The authors have made substantial efforts to address most of the concerns. The expanded Introduction (p.1-2, lines 41-50) now clearly articulates the dual nature of ATF4 signaling, establishing a strong rationale for the mechanistic discussions that follow. The incorporation of GADD34-mediated negative feedback (p.8, lines 300-305), pharmacological modulators including PERK inhibitors and Salubrinal (p.9-10, lines 352-377), and DKC1-mediated IRES-dependent translation (p.15, lines 621-628) significantly enhances the review's comprehensiveness. The new integrative Figure 11 (p.19) effectively summarizes the complete regulatory network during both canonical and split-ISR. The improved internal cross-referencing (p.6, line 213; p.13, lines 535-536), removal of unpublished data references (p.5, line 186), merging of original Figures 1 and 2 into a single Figure 1, correction of typographical errors in Figure 7 legend, and replacement of question marks with dashed lines (Figures 7 and 9) appropriately address presentation concerns. The authors' decision to decline expanding on stem-loop-induced ribosome queuing (Comment #6), focusing on trans-acting factors, is acceptable.

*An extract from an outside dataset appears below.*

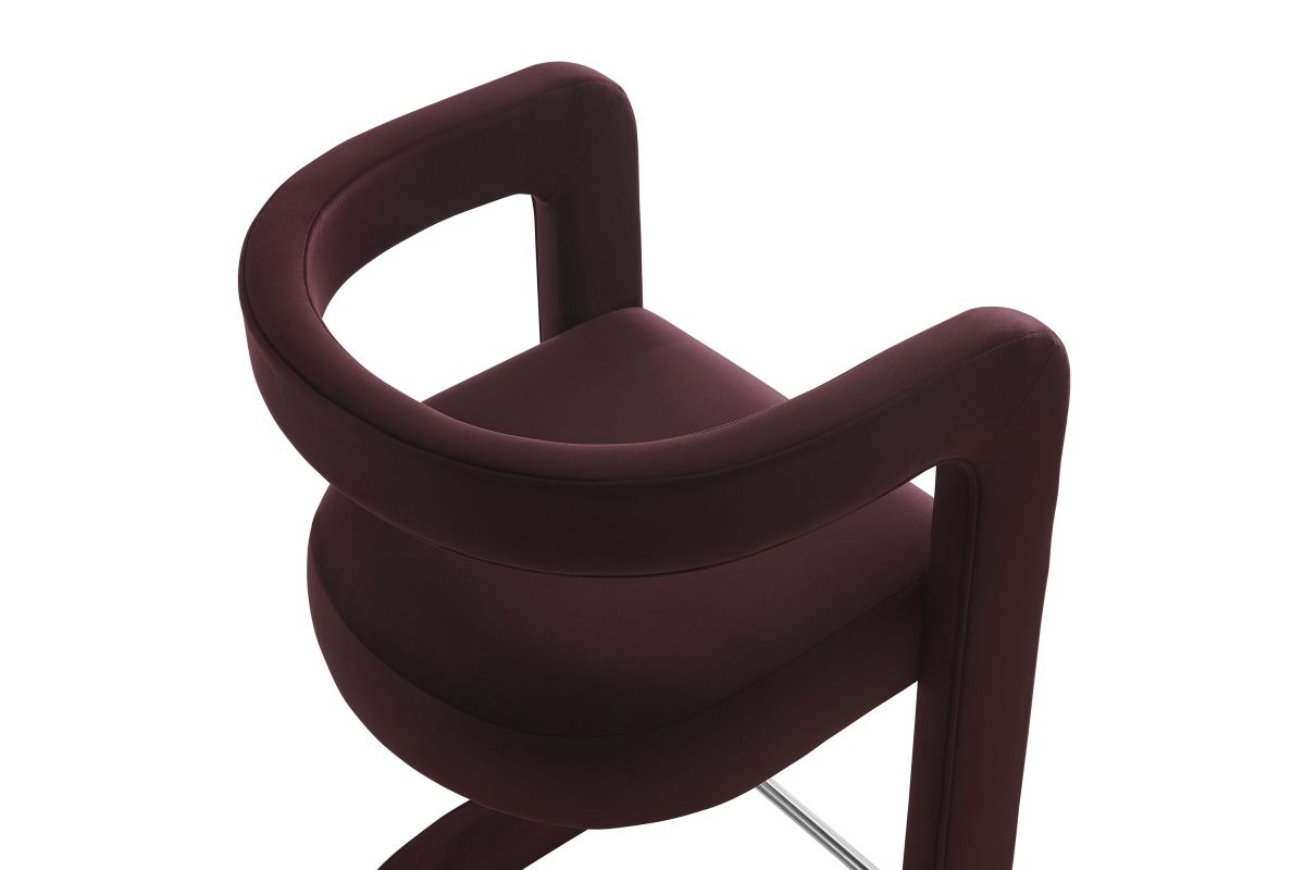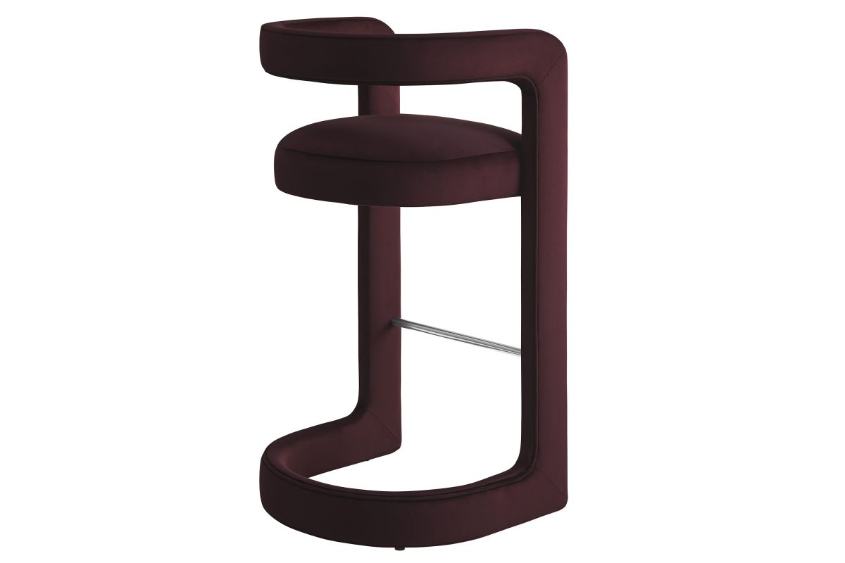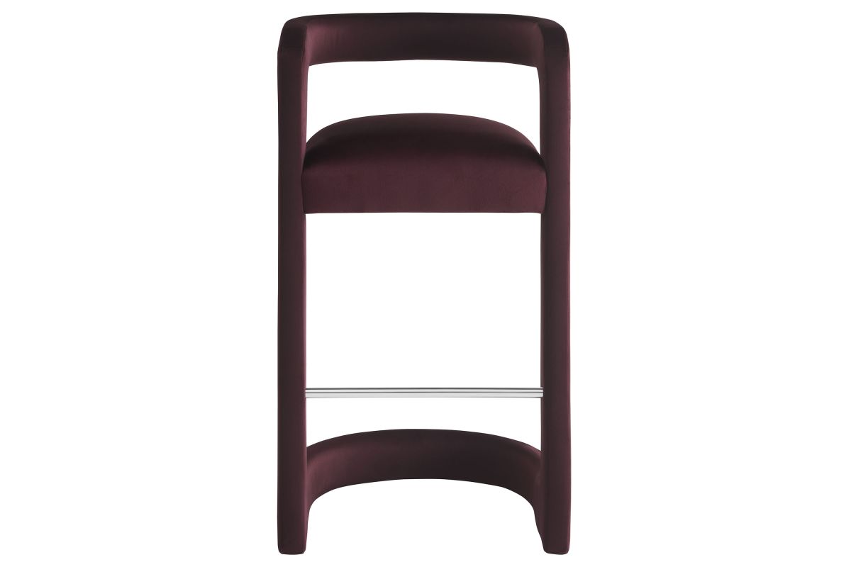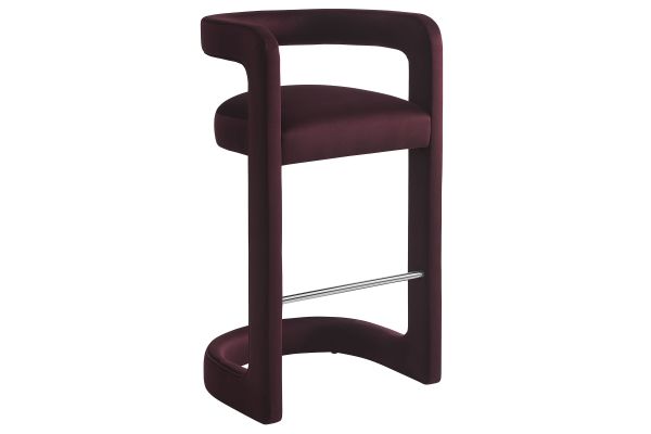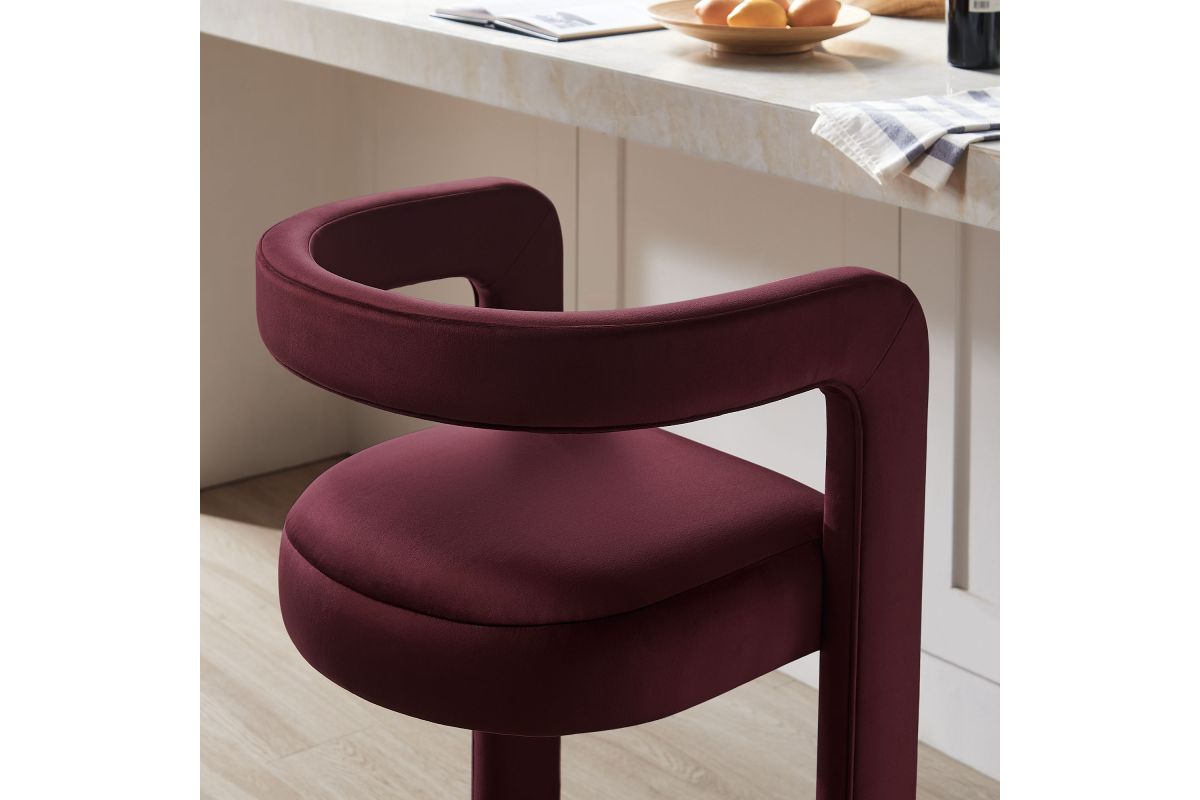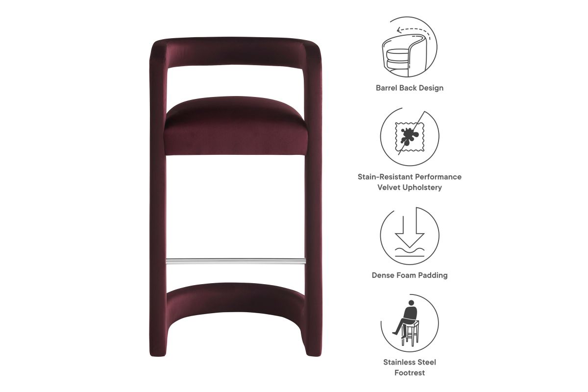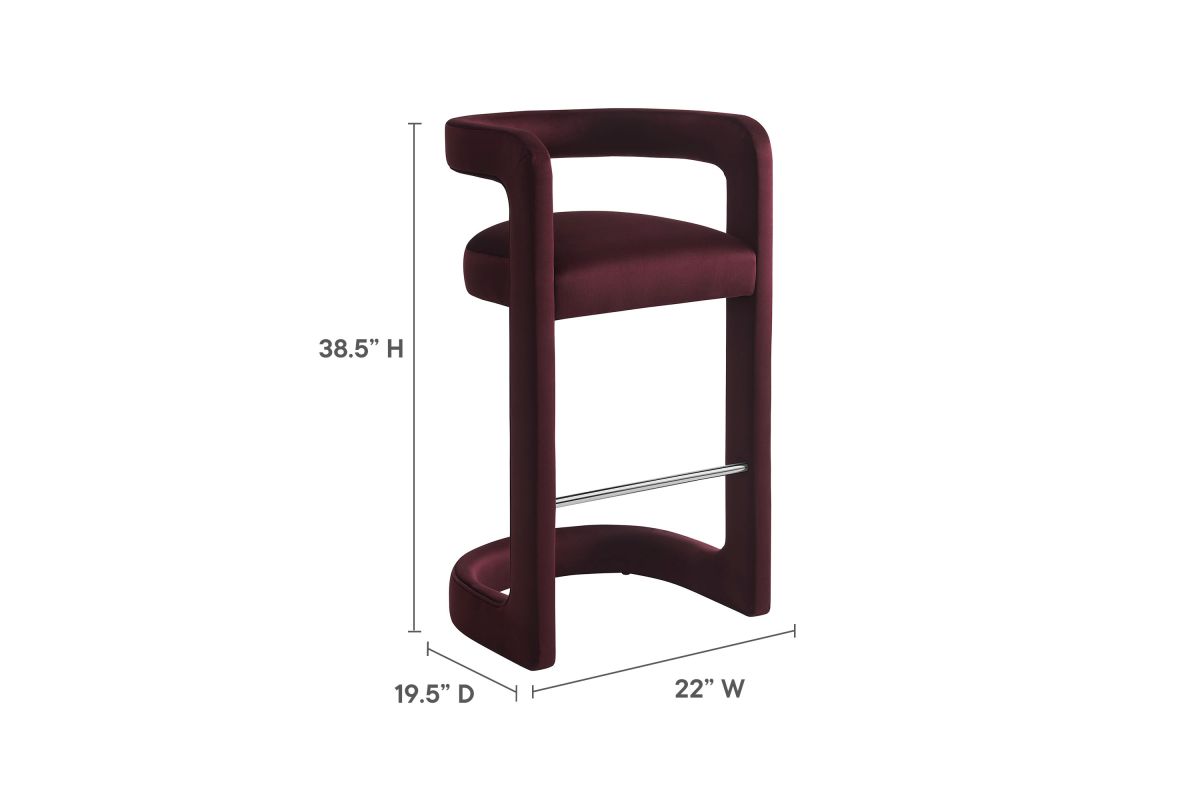 Lift the ambiance of your kitchen counter or bar area with the Winslow Performance Velvet Bar Stool. Featuring a distinctive curved frame and supportive open backrest, this 38-Inch bar stool adds an elevated touch of style to any space. Upholstered in soft performance velvet and padded with dense foam for a comfortable seating experience, this bar-height stool also includes a stainless steel footrest, offering a practical and stylish support feature. The open backrest transitions into smooth, continuous armrests that flow down to meet the elegantly curved legs, which mirror the backrest's shape. This harmonious silhouette enhances the modern aesthetic, while non-marking foot caps protect your flooring. Whether used as a velvet bar stool for your home bar or a chic seating option for the kitchen, the Winslow Bar Stool brings luxurious comfort and modern elegance to your space. Weight Capacity: 330 lbs.

However, none of the figure legends include formal explanations of the symbols used throughout the manuscript, such as the meaning of arrow types (solid lines, dashed lines, blunt-ended inhibition lines), color coding (red/green), or shape conventions. The authors should add symbol legends to clarify these visual elements for readers.

Author Response

1-However, none of the figure legends include formal explanations of the symbols used throughout the manuscript, such as the meaning of arrow types (solid lines, dashed lines, blunt-ended inhibition lines), color coding (red/green), or shape conventions. The authors should add symbol legends to clarify these visual elements for readers.

 

Responses: We added symboles legends to all figures clarifying visual elements.